First up: an assassin in the Astrodome! Or is it the Superdome? In any case, at least, a thinly veiled version, in the best disaster fiction tradition ...
It's a pungent midcentury milieu here, with the Coliseum booked for a wild weekend featuring superstar rocker Skanky Baggs (not "Shanky," as the inside cover typos), superstar Swami Daktananda, and a Sunday, Sunday, SUNDAY blowout game featuring superstar quarterback Bo Detwiler! Of course, someone has other plans for the 100,000 plus souls packed into the techno-wonder stadium.
Plans written in blood.
Referencing Black Sunday and The Towering Inferno on the cover takes some cojones. Can author Barney Cohen redeem himself, after the awful crocodile schlock he'd put out two years later in '77? Well, almost.
There's a little bit of technothriller grist around the huge stadium's air conditioning system, and the psychological architecture that went into planning for mass panic and stampedes, but Cohen (unfortunately) puts most of the focus on the stadium staff's detective work around the sniper's deadly plans. This is truly unfortunate for an American audience 50 years later, as the staff scratch their heads over spent shells, bullet holes in seats, and cryptic notes ... not to mention straight up threats of a mass shooting, written on office stationary! At some point we gotta say c'mon guys, get it together!

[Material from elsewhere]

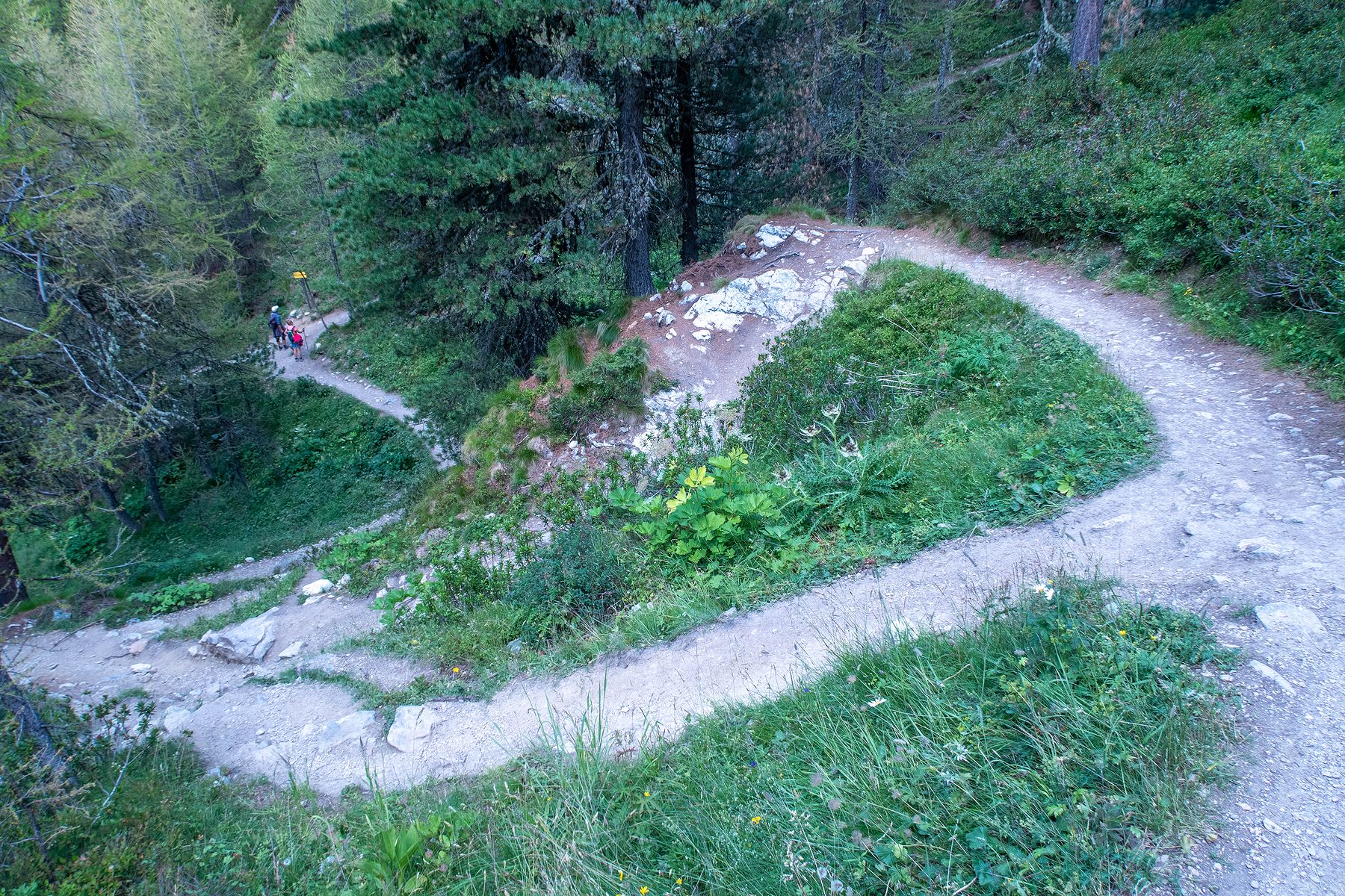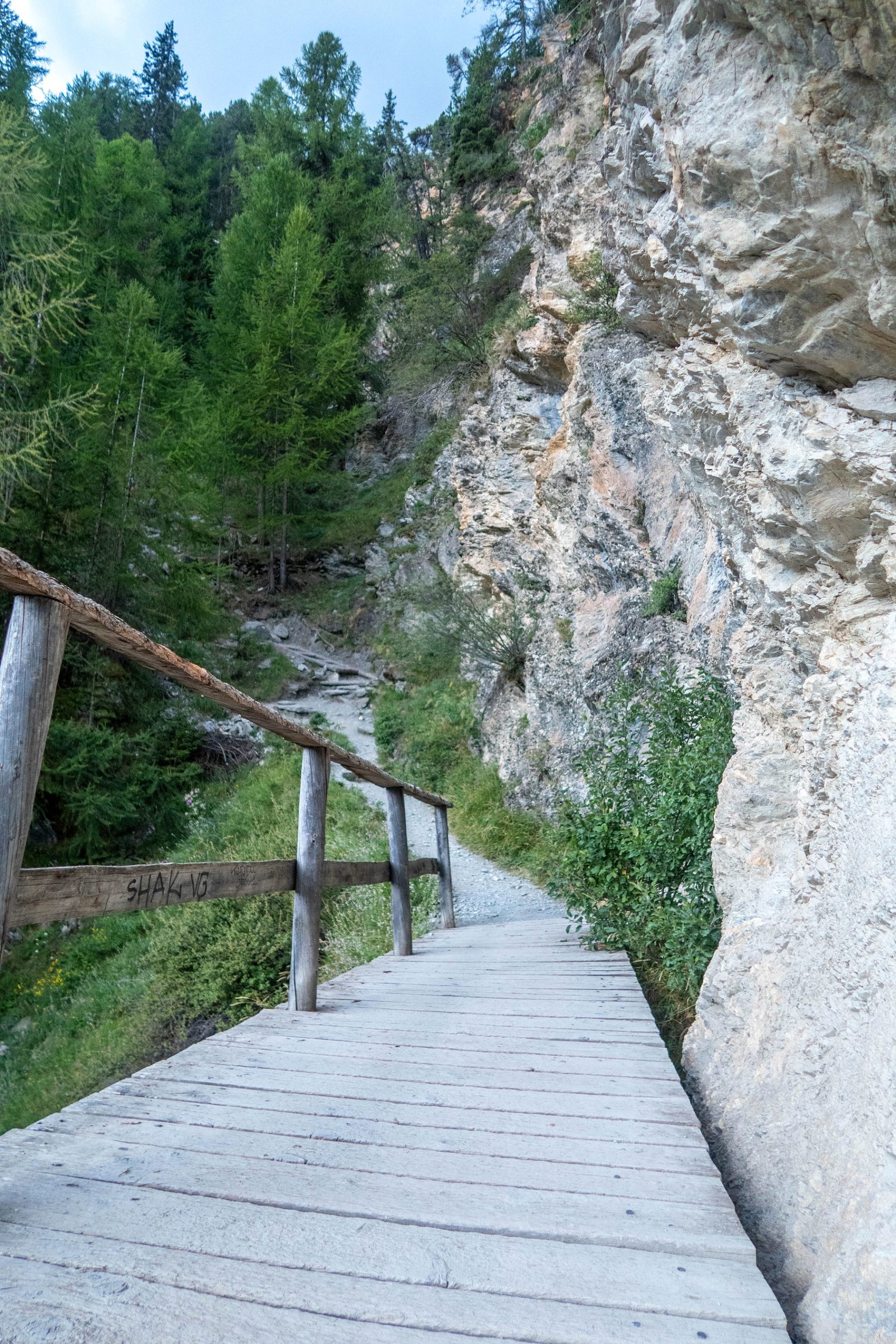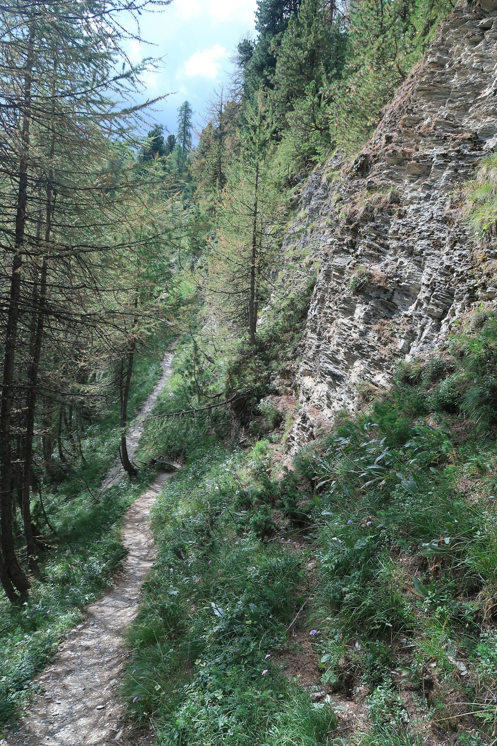 Je traverse le ruisseau de la Pisse (ça, c’est du nom !) via un pont pour suivre un sentier qui file en forêt (surtout des mélèzes). C’est pentu, mais régulier. Le sentier a de nombreux lacets et est agréable. Un joli passage le long de la falaise avec un pont en bois.
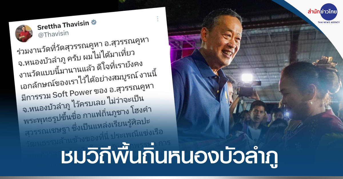 หนองบัวลำภู 3 ธ.ค. – “นายกฯ เศรษฐา” ทวีตปลื้ม Soft Power หลังร่วมงานวัดสุวรรณคูหา จ.หนองบัวลำภู ชื่นชมเป็นประเพณีวิถีพื้นถิ่นที่งดงาม

I guess it was a different time.
Digressions into the hot dog racket by sleazy vendor Israel "Fuzzi" Nussbaum are a welcome respite, as is the color Cohen puts into the Swami's cult, who swarm the stadium for a mass love-in/flower sale. Skanky Baggs gets less detail but this also works well - there's nothing worse than square authors trying to write hip rockstars, so we can fill in our own blanks on what makes Baggs and the Family Dawg such a phenomenon.
The stadium's staff are a little overstaffed, so to speak, with one too many Dannys and Davids and Jasons barking orders and stalking the halls with purpose and so on, but Cohen does manage a successful unspooling of the sniper's identity - even as we're screaming at the cast to do something, for God's sake, we're still unsure of who the would-be assassin is until Cohen decides to reveal all.
The killer gets some good psychology too, and his "game plan for disaster" is a disturbingly half assed plot which only makes things tenser. We know things won't go to anybody's plan, and this psycho's about to be trapped in a packed stadium with 100,000 targets and a complacent command structure.
More filler: the romance between default protagonist Danny Haber and secretary Sandy is a total dud. Give us Fuzzi's sausage swindle any day!
Dell stuffed this title with ads for mainstream titles, including thrillers from Robert Ludlum and William Goldman, and nonfiction titles about James Dean and Charles Bronson.
If the likes of Basil Jackson could nourish you on your long trip to some beautiful vacation destination, then Cohen's work here is equivalent to a soggy egg salad sandwich you bought at the train station. It's edible, technically, and you'll finish it, but it could have been a little fresher, had a little more flavor. Cohen's Coliseum earns an undistinguished two star rating for some low level thrills.